After my mom passed, my sister became the keeper of the family photos, drawings and such. Now whenever I visit my sister Jen’s home, I feel like I’m simultaneously stepping back and forward in time. Her home, for me, is a shrine of sorts to our mom. I recognize almost every object there that is connected with her. The armoire that sat in our dinning room, as children, stands near her front door. The one we’d run past a thousand times. The one where sometimes at just the right moment you’d rummage through the bottom drawer and find tiny treasures. Or the small woodcut/painting above Jen’s kitchen sink that used to hang in our childhood kitchen. It holds the motif of the same country vibe. Ma used to say, “People say my style is shabby chic.” She’d follow her statement with an uproarious laughter and a wide smile. When you lean in and look closely at that miniature scene hanging there, you’ll glimpse the dotted pale blue and titanium white reminiscent of the south of France, somehow it stands as a nod to Ma’s bohemian style. There it is hangin on the wall, Ma’s eclectic, inclusionary nature, her quiet knowing.

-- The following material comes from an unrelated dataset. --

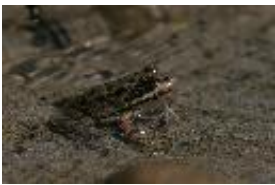
Seefrosch - Rana ridibunda Pallas, 1771

Round the corner and I find the tall standing lamp in Jen’s living room whose dimmer nob sortaworks. (Even now) it conjures memories of the times Ma would jimmy it to get it working. That was Ma, the quintessential figure-it-outer. The most can-do human I’ve ever known. She always found a way to make something work. She always found a way to turn the light on in any situation. In later years, as I matured and had the wherewithal to contemplate my parents more, I inquired of her, “Ma, how did you learn to enjoy life so much? How did you get like that?” She paused what she was doing and looked up above her glasses. She knew it was a moment of depth amidst the everyday so calibrating herself to drop a bit of wisdom, she said in that casual style of hers, “After my father’s death, I spent a lot of time with Mrs Applegate.” Returning to her stitching she went on, “Mrs Applegate taught me a lot about how to really enjoy life.”
With the loss of her father at 12 years old, Ma faced her biggest obstacle at that time. She loved him deeply. His exit left an incalculable loss for her. Yet what she did in the wake of all that was remarkable, she didn’t fold, she sought those who knew how to live life well beginning with Mrs Applegate. She found models of the joie de vivre and fashioned her own self out of that clay.
The month of December holds the anniversary of Ma’s passing. I find myself feeling grateful for all the colorful toothpicks Ma put in the food at our birthdays, all the ways she lit up when we walked into the room, all the soups she made us and all the joys she brought to our lives both large and small. She showed us how to live.